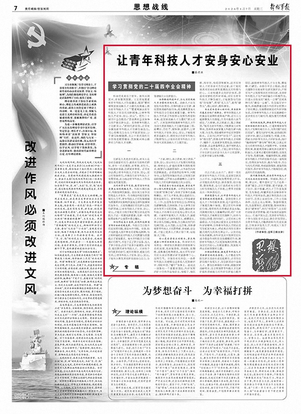 功以才成,业由才广。拥有一支创新型青年科技人才队伍,是国家创新活力之所在,也是科技发展希望之所在。必须强化系统观念,体系谋划、综合施策、整体推进,全力打造具有充分吸引力和包容性的人才环境,让青年才俊像泉水一样奔涌而出。
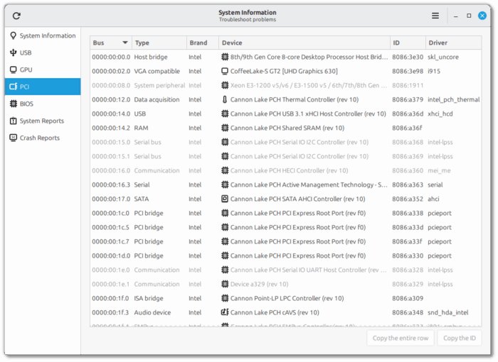 - PCI: informa sobre los componentes internos conectados vía PCI — tipo, marca, driver, ID — útil cuando querés saber qué placas tenés, qué controladores usan, etc.
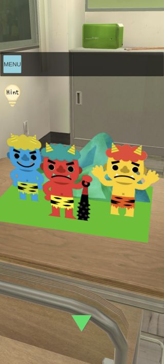 奥の3色の鬼の表情を確認。
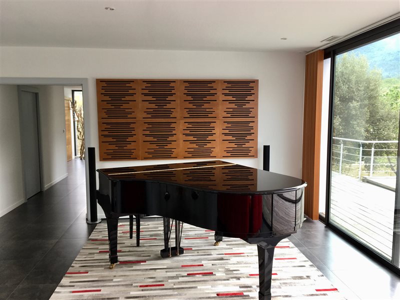 As you can observe, the room is REALLY BAD regarding acoustic with these 2x 8 meters of windows on each side, quite large with almost 90m2, with a lot of empty, plate and reflective surfaces from the floor to the ceiling
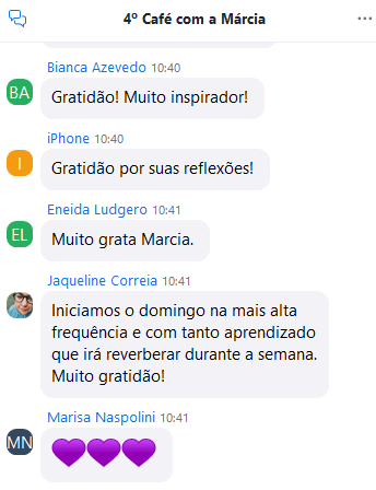 Você participa de encontros ao vivo com a Márcia todos os meses, incluindo cursos especiais, cafés reflexivos e canal aberto para perguntas e escuta ativa.
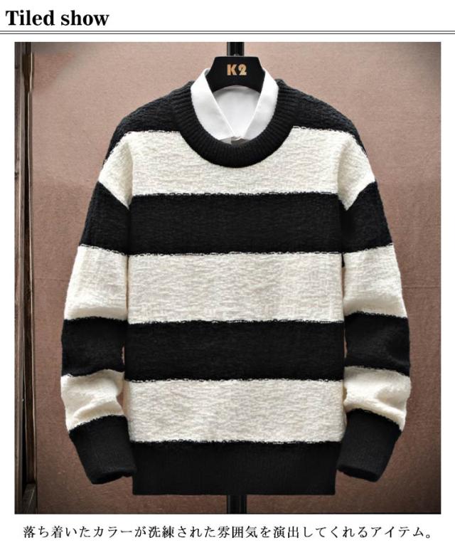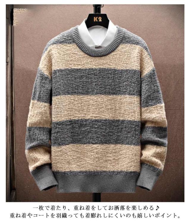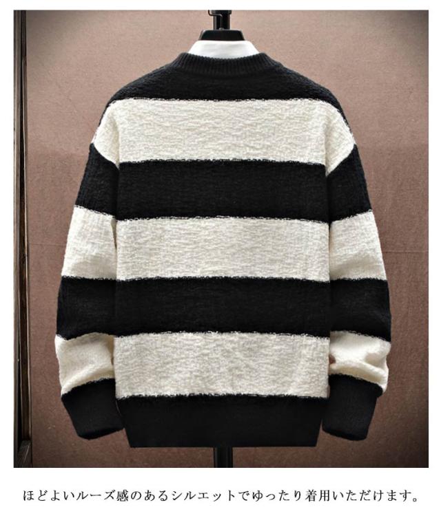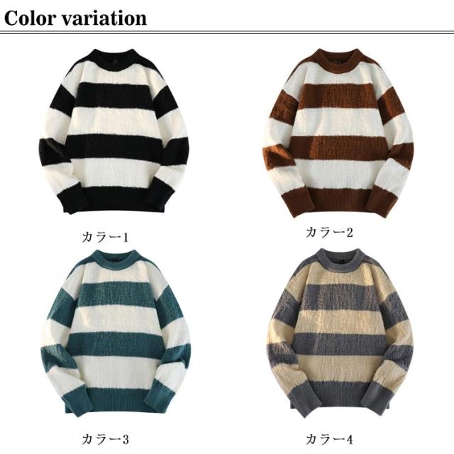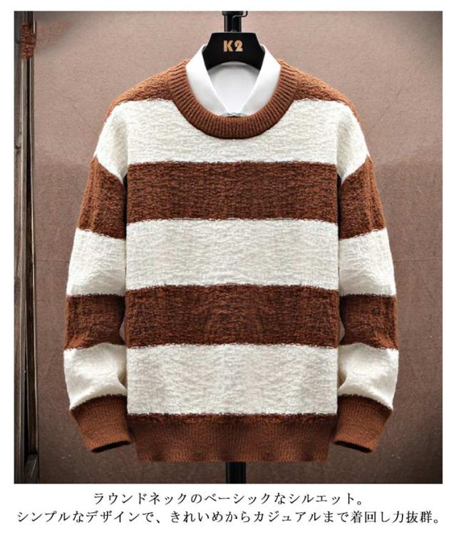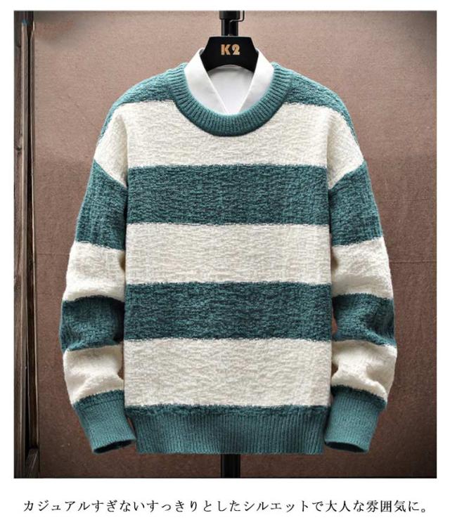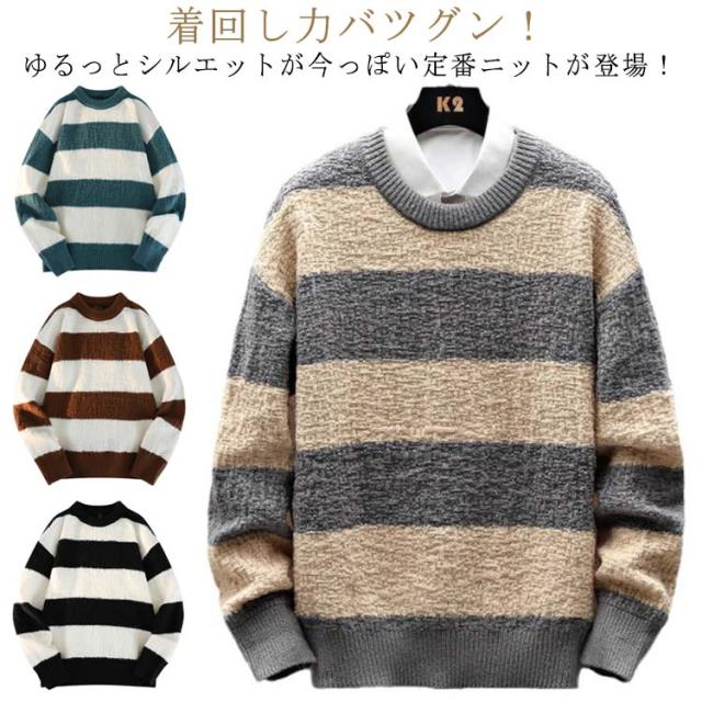 ボーダー柄 ニットセーター 長袖 送料無料 ニット ゆるニット セーター 春物 プルオーバー メンズ 丸首 クルーネック 秋冬 あったか 暖かい トップス 厚手 ふわふわ 防寒 保温 インナー シンプル 送料無料 カジュアル オシャレ
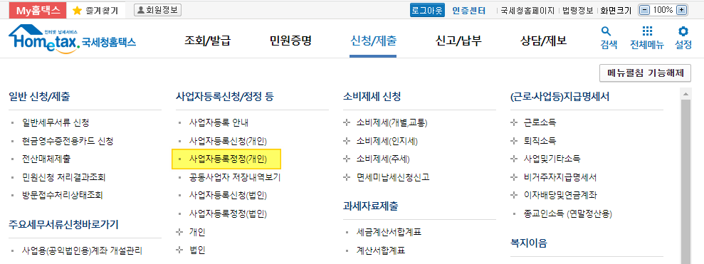 2.로그인 이후 신청/제출 > 사업자등록정정(개인)을 클릭합니다.
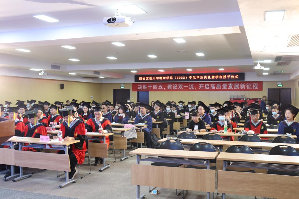 7月1日下午,胜游体育(SYsports)官方网站入口2022届毕业典礼暨学位授予仪式在仲英楼B102举行。胜游体育(SYsports)官方网站入口院长高宏、党委书记杨小渭、副院长赵永涛、副书记张沛、励志书院院务主任徐慧、钱学森书院院务主任田博及宋晓平、张淳民、高韶燕、杨涛、王喆、左兆宇、王斌等多位研究生导师代表出席毕业典礼,毕业典礼由副书记张沛主持。2022届全体本科生、研究生共109名参加了毕业典礼,毕业生们在交大的青春岁月画上了圆满的句号,在新的征程中启航再出发!
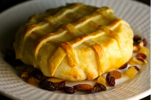 Slice brie cheese wheel in half, so that it’s in two rounds.
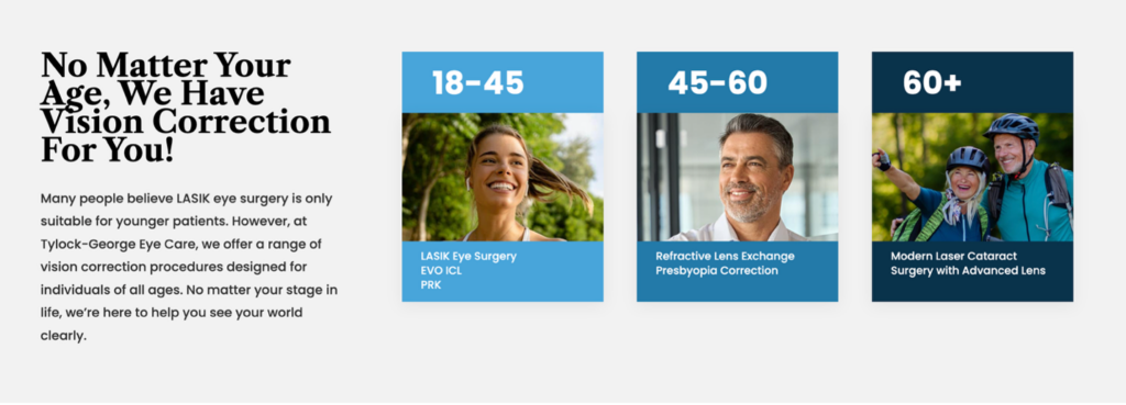 In developing the new website and messaging strategy for Tylock George Eye Care, we knew that listing procedures wasn’t enough. Patients don’t wake up thinking ‘I need RLE’ or ‘I want EVO ICL’, they wake up frustrated by glasses fogging up, struggling to see the scoreboard at their kid’s game, or worried about night driving safety.
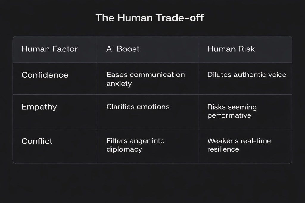 Communication is a muscle. By relying on AI to navigate difficult conversations or craft apologies, we risk a decline in “human grit.” There is a growing concern that we are losing the ability to handle conflict in real life, face-to-face, without a digital mediator to soften the blow.
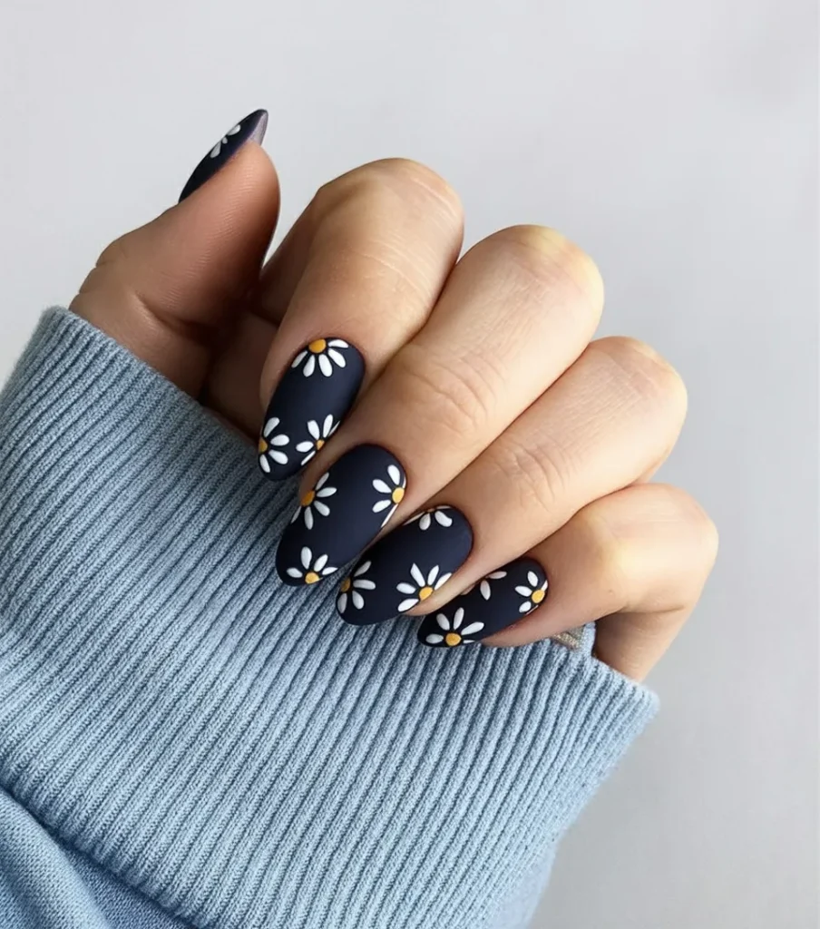 Deep navy with delicate daisies feels subtle and cozy. The matte finish softens the look, while the white petals brighten the dark base just enough.
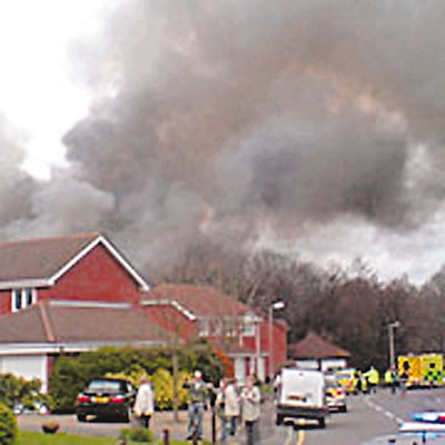 英國(guó)小型飛機(jī)居民住宅區(qū)墜毀 恐至少6人死亡(圖)

★ ★ ★ ★ ★

- [WHAT IS NEEDED] In the entries above, find the line containing "Slice brie cheese". Transcribe it and every later line to the end, exactly, and leave out the pictures.

- [EXPECTED OUTPUT]
 Slice brie cheese wheel in half, so that it’s in two rounds.
 In developing the new website and messaging strategy for Tylock George Eye Care, we knew that listing procedures wasn’t enough. Patients don’t wake up thinking ‘I need RLE’ or ‘I want EVO ICL’, they wake up frustrated by glasses fogging up, struggling to see the scoreboard at their kid’s game, or worried about night driving safety.
 Communication is a muscle. By relying on AI to navigate difficult conversations or craft apologies, we risk a decline in “human grit.” There is a growing concern that we are losing the ability to handle conflict in real life, face-to-face, without a digital mediator to soften the blow.
 Deep navy with delicate daisies feels subtle and cozy. The matte finish softens the look, while the white petals brighten the dark base just enough.
 英國(guó)小型飛機(jī)居民住宅區(qū)墜毀 恐至少6人死亡(圖)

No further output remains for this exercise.